▶ **WORK ITEM**: Retype word for word the first line of the listing and each line after it up to the line with "This is an extra", with the pictures taken out.

▶ **DATA SUPPLIED**:
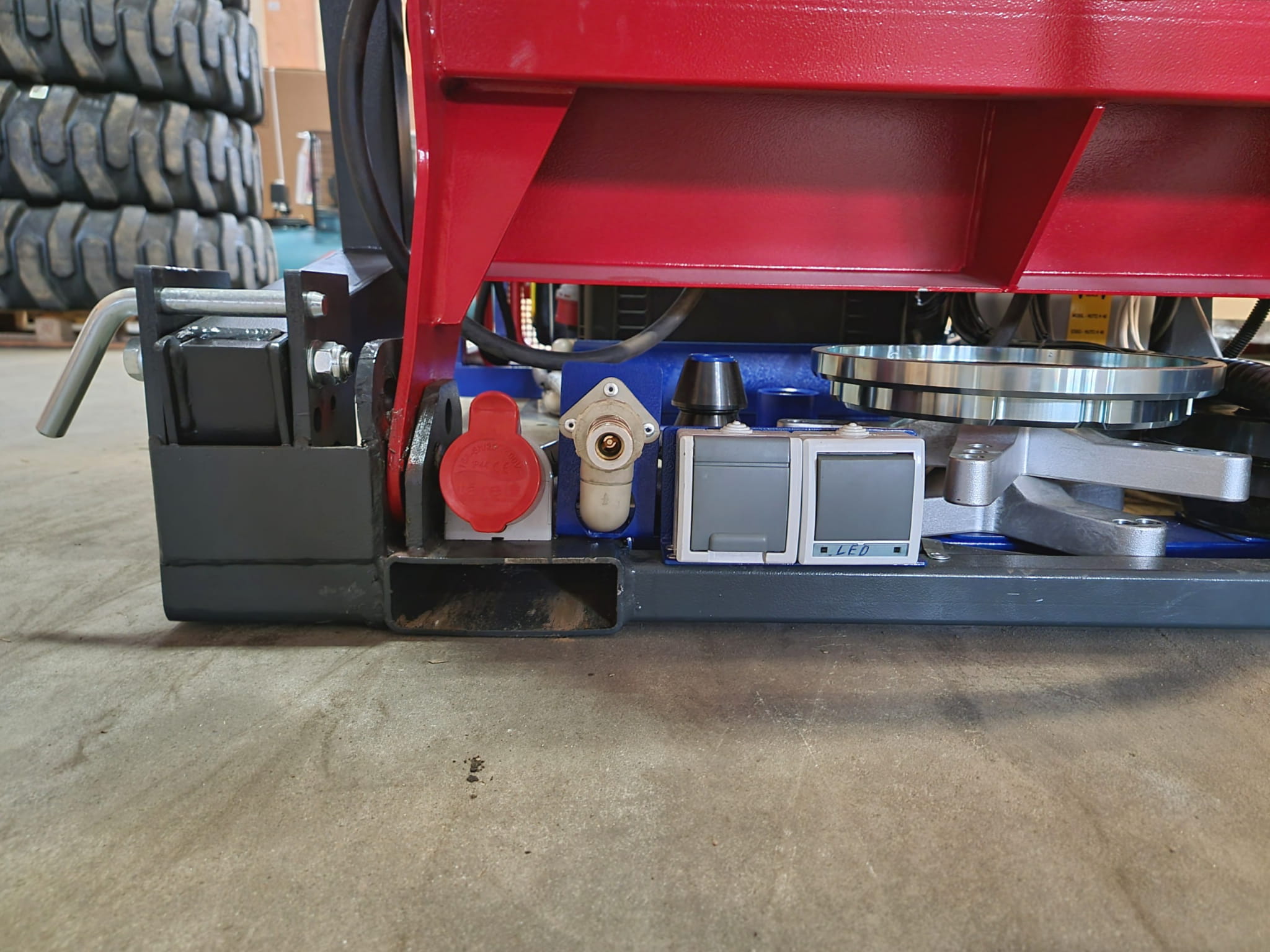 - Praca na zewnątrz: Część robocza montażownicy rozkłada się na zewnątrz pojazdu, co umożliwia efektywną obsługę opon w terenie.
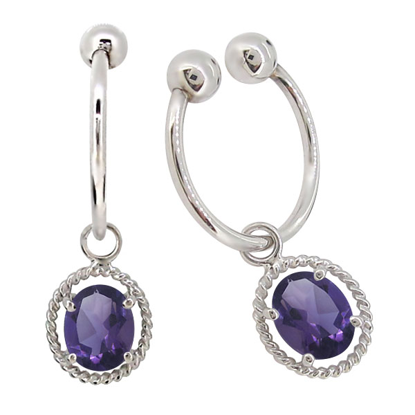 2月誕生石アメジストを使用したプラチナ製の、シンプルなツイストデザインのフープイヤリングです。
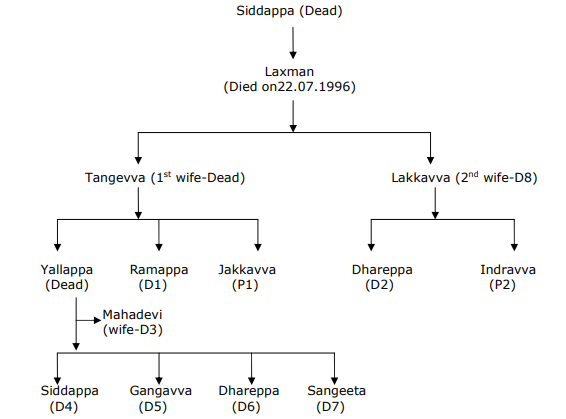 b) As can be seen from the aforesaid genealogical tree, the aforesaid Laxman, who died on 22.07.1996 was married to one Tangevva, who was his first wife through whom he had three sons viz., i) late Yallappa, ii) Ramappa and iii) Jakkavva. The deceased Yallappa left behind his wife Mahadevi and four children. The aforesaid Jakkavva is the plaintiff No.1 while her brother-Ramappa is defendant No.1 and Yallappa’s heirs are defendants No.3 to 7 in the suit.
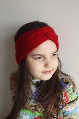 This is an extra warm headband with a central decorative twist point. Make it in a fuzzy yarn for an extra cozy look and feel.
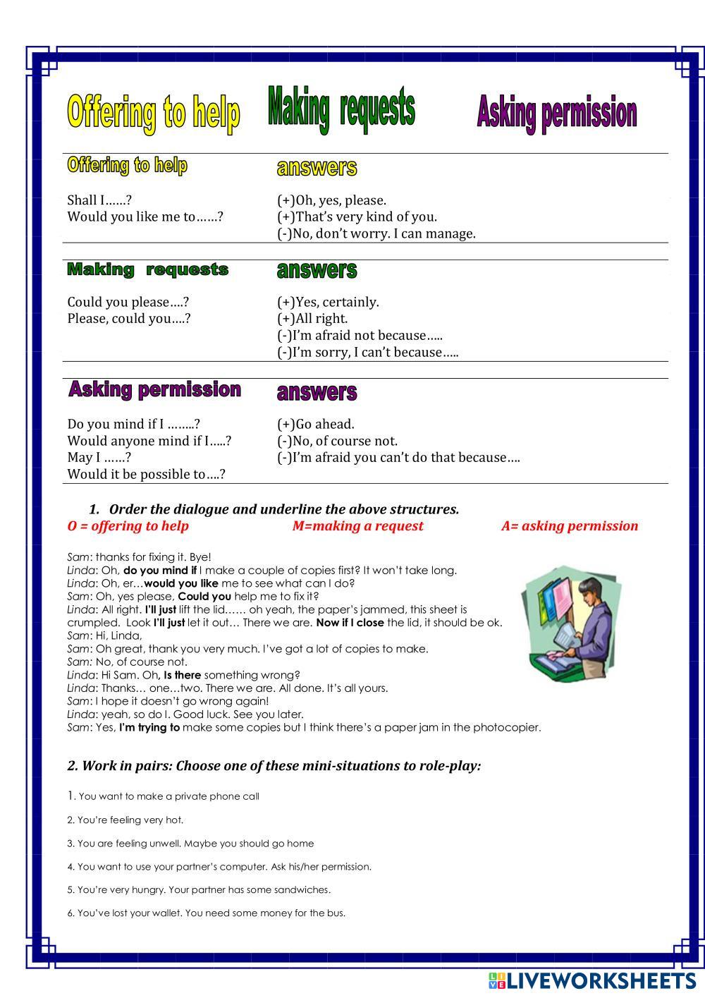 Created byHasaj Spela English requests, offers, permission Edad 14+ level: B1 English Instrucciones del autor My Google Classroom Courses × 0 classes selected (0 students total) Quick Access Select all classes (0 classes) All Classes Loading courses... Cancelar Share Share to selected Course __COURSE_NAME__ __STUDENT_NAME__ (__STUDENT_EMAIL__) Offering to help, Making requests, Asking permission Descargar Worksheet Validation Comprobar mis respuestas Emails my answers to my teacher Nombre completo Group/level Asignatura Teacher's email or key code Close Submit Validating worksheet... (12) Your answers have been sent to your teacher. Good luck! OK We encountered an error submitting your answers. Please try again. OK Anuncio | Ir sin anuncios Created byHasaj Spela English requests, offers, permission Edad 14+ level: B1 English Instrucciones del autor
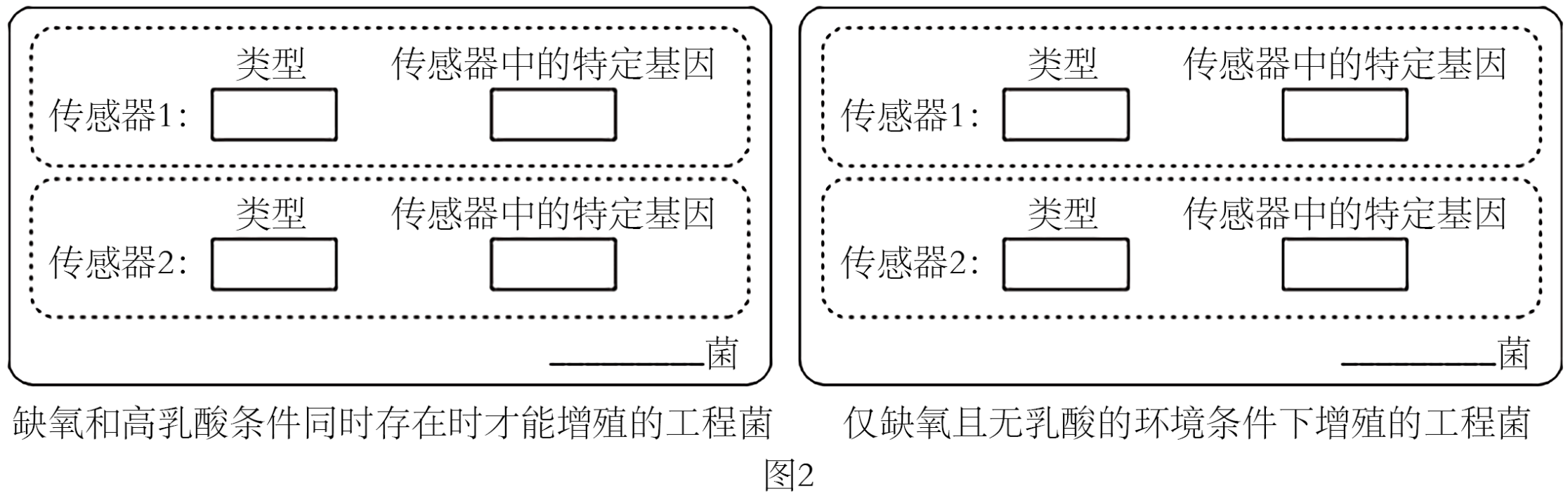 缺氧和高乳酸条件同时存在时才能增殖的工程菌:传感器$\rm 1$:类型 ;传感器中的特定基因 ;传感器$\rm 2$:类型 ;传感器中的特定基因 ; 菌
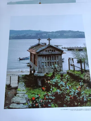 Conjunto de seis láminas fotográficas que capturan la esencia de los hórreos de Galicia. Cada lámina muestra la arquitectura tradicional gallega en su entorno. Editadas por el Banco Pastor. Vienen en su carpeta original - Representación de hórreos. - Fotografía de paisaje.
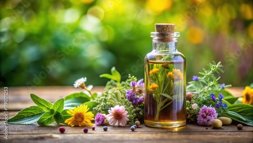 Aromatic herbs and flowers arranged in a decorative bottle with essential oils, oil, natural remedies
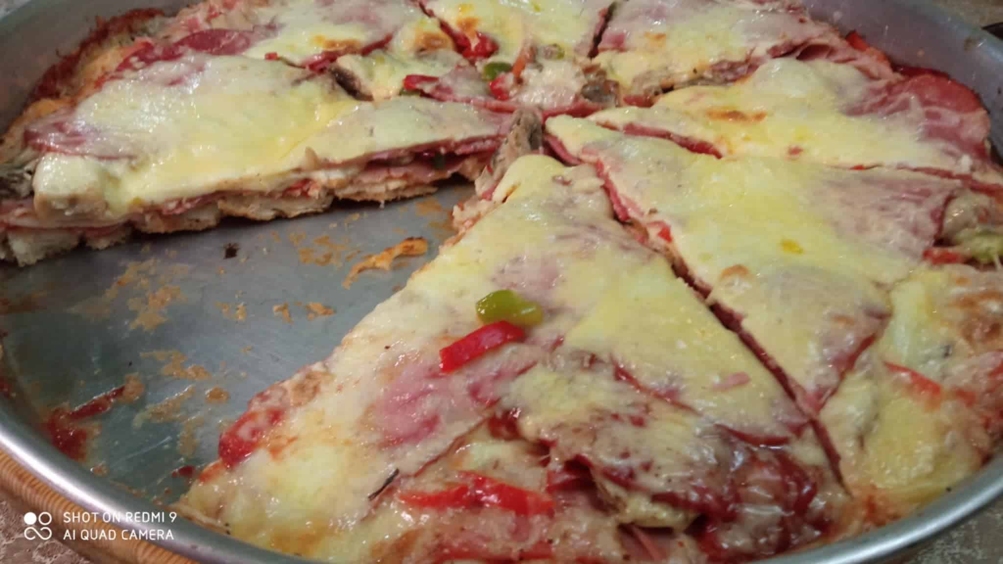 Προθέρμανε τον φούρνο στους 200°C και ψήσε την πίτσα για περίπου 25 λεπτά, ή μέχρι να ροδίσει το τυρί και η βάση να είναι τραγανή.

▶ **ANSWER TO THIS EXERCISE**:
 - Praca na zewnątrz: Część robocza montażownicy rozkłada się na zewnątrz pojazdu, co umożliwia efektywną obsługę opon w terenie.
 2月誕生石アメジストを使用したプラチナ製の、シンプルなツイストデザインのフープイヤリングです。
 b) As can be seen from the aforesaid genealogical tree, the aforesaid Laxman, who died on 22.07.1996 was married to one Tangevva, who was his first wife through whom he had three sons viz., i) late Yallappa, ii) Ramappa and iii) Jakkavva. The deceased Yallappa left behind his wife Mahadevi and four children. The aforesaid Jakkavva is the plaintiff No.1 while her brother-Ramappa is defendant No.1 and Yallappa’s heirs are defendants No.3 to 7 in the suit.
 This is an extra warm headband with a central decorative twist point. Make it in a fuzzy yarn for an extra cozy look and feel.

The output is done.